Femtone vaginal weights tone pelvic floor muscles to protect against incontinence, and can increase the strength of your orgasms! These vaginal “barbells” are the perfect product for kegel exercises. Get this hard-to-find kegal exerciser at ShopInPrivate.com.
But, hold the phone, Nelly…it gets better…..
No need to shell out $124.99! No! No! No! You can make your own for less than a fraction of that cost! I made my own and YOU can, too. Simply, go to a Tru-Valu Hardware store and you will find a gazillion hardware items in varying weights to substitute for the store-bought 5 cones. Just to give you an idea, here are the items that I purchased.

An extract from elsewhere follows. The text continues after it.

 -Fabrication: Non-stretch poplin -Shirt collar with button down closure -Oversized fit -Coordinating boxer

gravel stones….these come in varying shapes and sizes
windchimes….so many assorted to pick from! (optional)
bolts….every size, shape, and weight that you can think of are available
cheesecloth (you can use velvet for that special feel but you will have to go somewhere other than the hardware store)
blank video /dvd/cd
Start with some small gravel. You might want to use a kitchen scale to weigh these. Or, take them to your local post office where they will weigh anything. This could be a slight bit tricky unless you are very, very, very good friends with the recipient of the gift since you will have to use your own judgement as to weight and size of the gravel “needed” to be effective.
Cut a piece of cheesecloth (or velvet). Then, wrap the chosen gravel in the material and tie with a Ziplock Sandwich tie. Be thoughtful and cut off the excess tie. Those things could cause some poonana scratches and we don’t want that. Lawsuits are rampant in these hard times. Who wants to lose the farm because of “an internal scratch”?

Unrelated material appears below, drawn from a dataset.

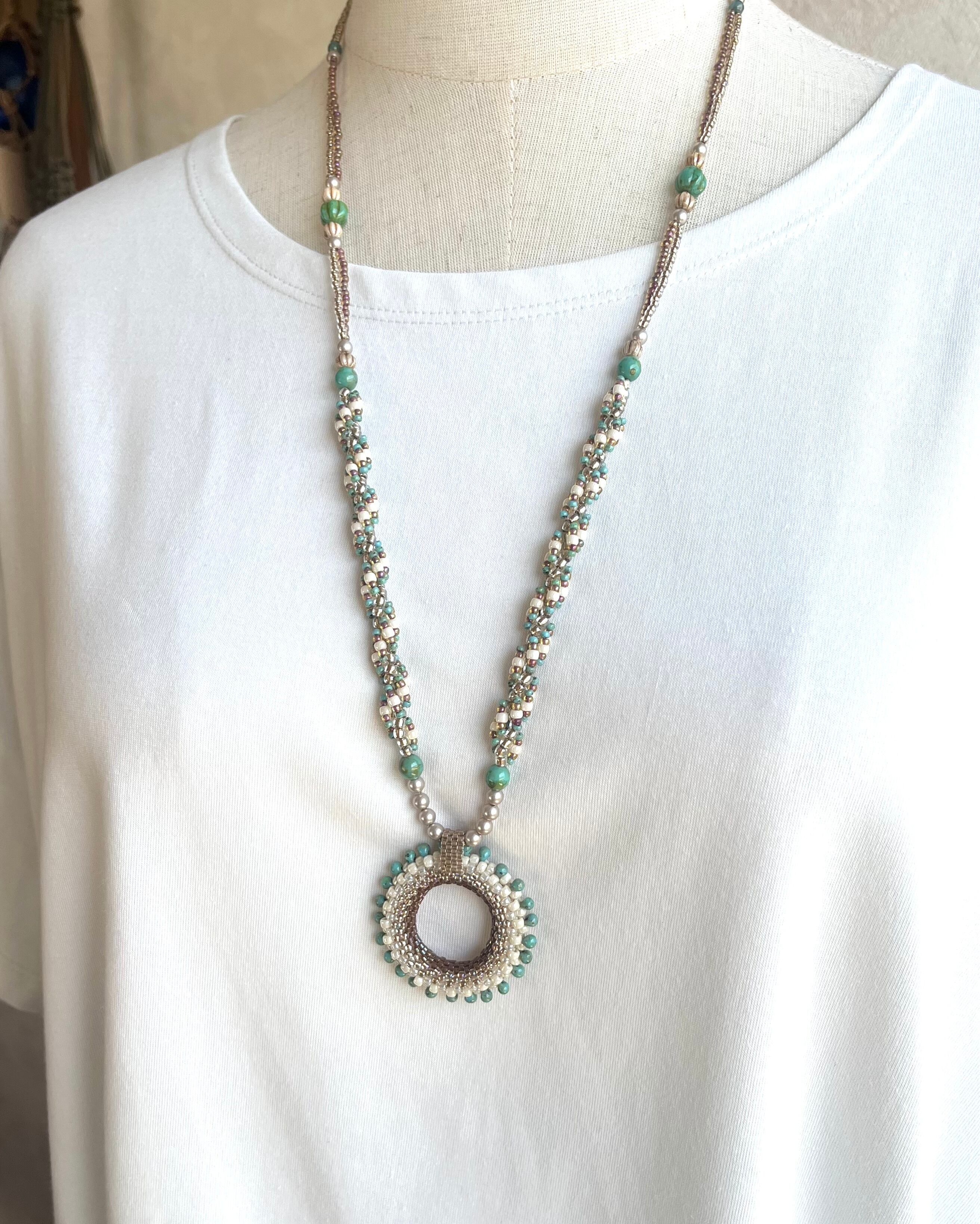 サークルのトップは大きさの違うビーズをグラデーションカラーでペヨーテで編みます。

Next, choose some bolts that are heavy but small enough to wrap in cheesecloth (or velvet!). Use the above instructions about cheesecloth/velvet/Ziplock ties.

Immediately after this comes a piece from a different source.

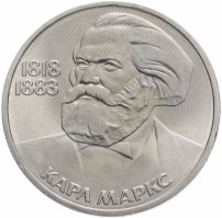 Карл Маркс – личность в СССР крайне значимая. Больше чем его, в стране уважали только великих вождей коммунизма. Разумеется, серия юбилейных монет о великих людях не могла обойтись без идеолога коммунизма. В 1983 году был выпущен посвящённый ему юбилейный рубль «165-летие со дня рождения Карла Маркса».
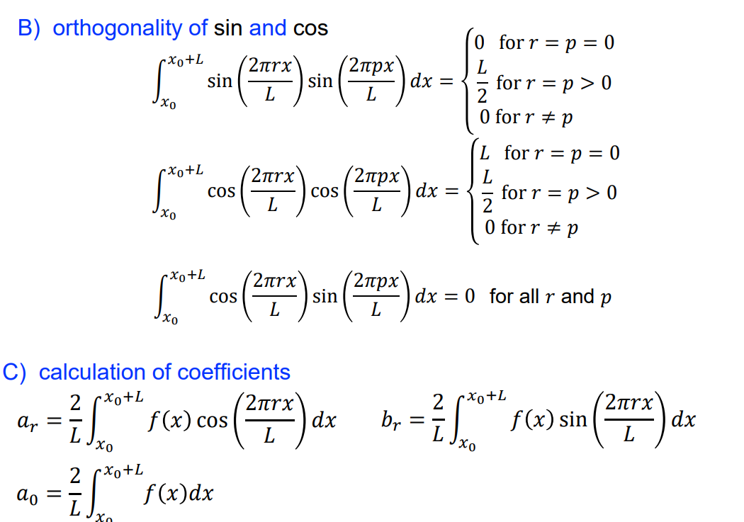 Derive the equations for the fourier coefficients.

Once again, I must remind you that this is a very personalized gift and it is your duty to know approximately the size of bolts or gravel that your gift recipient will require.
Optional windchimes……I found these to make a delightful and soothing sound. Pick a windchime and simply cut off however many you choose. These should be wrapped up with the bolts. Your floppy flapped friend/relative/neighbor/co-worker will remember your thoughtfullness everytime that she uses these!
Last step….insert blank dvd/cd/video into camera or camcorder. Insert homemade vaginal weights into your own “friend”. Turn on recorder. WARNING: It is important that you use the zoom lens. Otherwise, your face/boobs/butt/etc. will be eternally recorded on your dvd/cd/video and may become as well-known as Carrie Prejean’s. Now….kegel to you just can’t kegel no more.
WARNING: THIS IS NOT RECOMMENDED FOR ANYONE WHO SUFFERS FROM INCONTINENCE. KEEP ALL ELECTRICAL APPLIANCES AWAY FROM WET SURFACES. NOT FOR CHILDREN. NOT FOR RESALE. NOT ADVISED FOR ANYONE SUFFERING FROM MULTIPLE PERSONALITY DISORDER, BIPOLAR DISORDER, MAJOR DEPRESSION DISORDER, SEASONAL AFFECTIVE DISORDER, DEPERSONALIZATION DISORDER, OR THE VERY OBESE.
Small print stuff….TPB does not assume any responsiblity for injury to body or reputation while using this product.